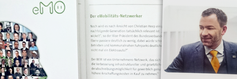 Der BEM ist ein Unternehmens-Netzwerk, das sich für eine Neue Mobilität engagiert und sich für die Verbesserung infrastruktureller und gesetzlicher Rahmenbedingungen einsetzt; etwa eine Sonderabschreibungsmöglichkeit für gewerblich genutzte E‑Fahrzeuge. »Das wäre ein deutlicher Anreiz, höhere Anschaffungskosten in Kauf zu nehmen.«
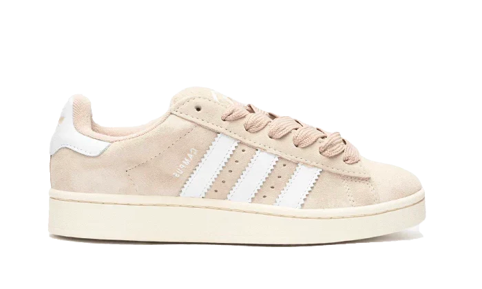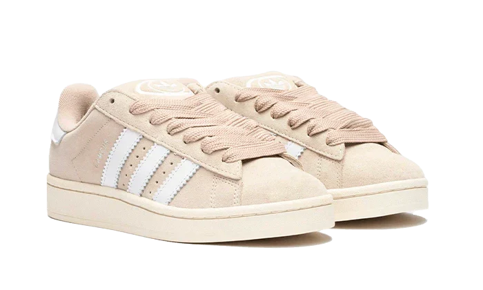 La adidas Campus 00s Wonder White présente une base en cuir beige avec trois bandes blanches épaisses sur le côté, qui sont emblématiques de la marque et correspondent au heel tab (talon). Inspirée du style skate, cette chaussure est similaire à la Campus 80s. Elle est également dotée d’une semelle jaunie pour accentuer l’effet vintage. Si vous avez d’autres questions ou avez besoin de plus d’informations, n’hésitez pas à demander !
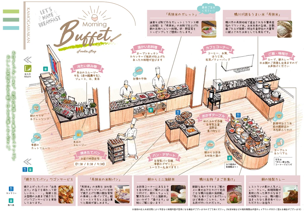 ビュッフェのお料理の配置図を、鴨川館のホームページからお借りしました。さまざまなお料理や飲み物が並んでおり、板前さんが目の前でお料理してくれるオープンキッチンもあります。
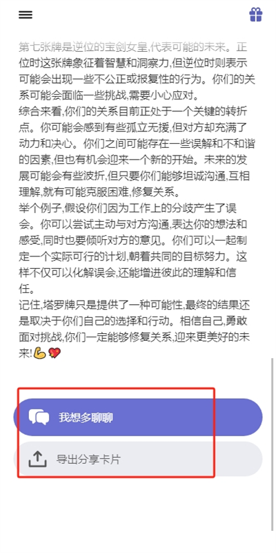 4、最终抽完七张卡牌后将会根据所有的卡牌进行解析,帮助大家了解关于自己刚刚的问题下所进行的结果回答。
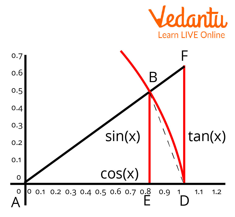 \[\begin{array}{l}AD.\sin A\; < x.AD < \;AD.\sin A\;/\;\cos A\\ \Rightarrow \; = \;1\; < x\;/\;\sin X < \;1\;/\;\cos X\end{array}\]
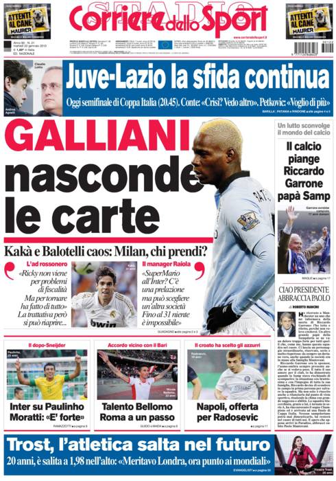 Corriere dello Sport: Galliani nasconde le carte 22/01/2013 di Admin3 CORRIERE GALLIANI – Adriano Galliani continua a nascondere le carte per quanto riguarda Kakà e Baotelli. la redazione di Calciomercatonews.com

######

WHAT IS BEING ASKED: Nothing but the lines from the one with "4、最终抽完七张卡牌后将会根" up to and including the one with "x.AD < \;AD.\sin" should be printed, exactly as they read above. Please keep the pictures out.

COMPLETED TASK:
 4、最终抽完七张卡牌后将会根据所有的卡牌进行解析,帮助大家了解关于自己刚刚的问题下所进行的结果回答。
 \[\begin{array}{l}AD.\sin A\; < x.AD < \;AD.\sin A\;/\;\cos A\\ \Rightarrow \; = \;1\; < x\;/\;\sin X < \;1\;/\;\cos X\end{array}\]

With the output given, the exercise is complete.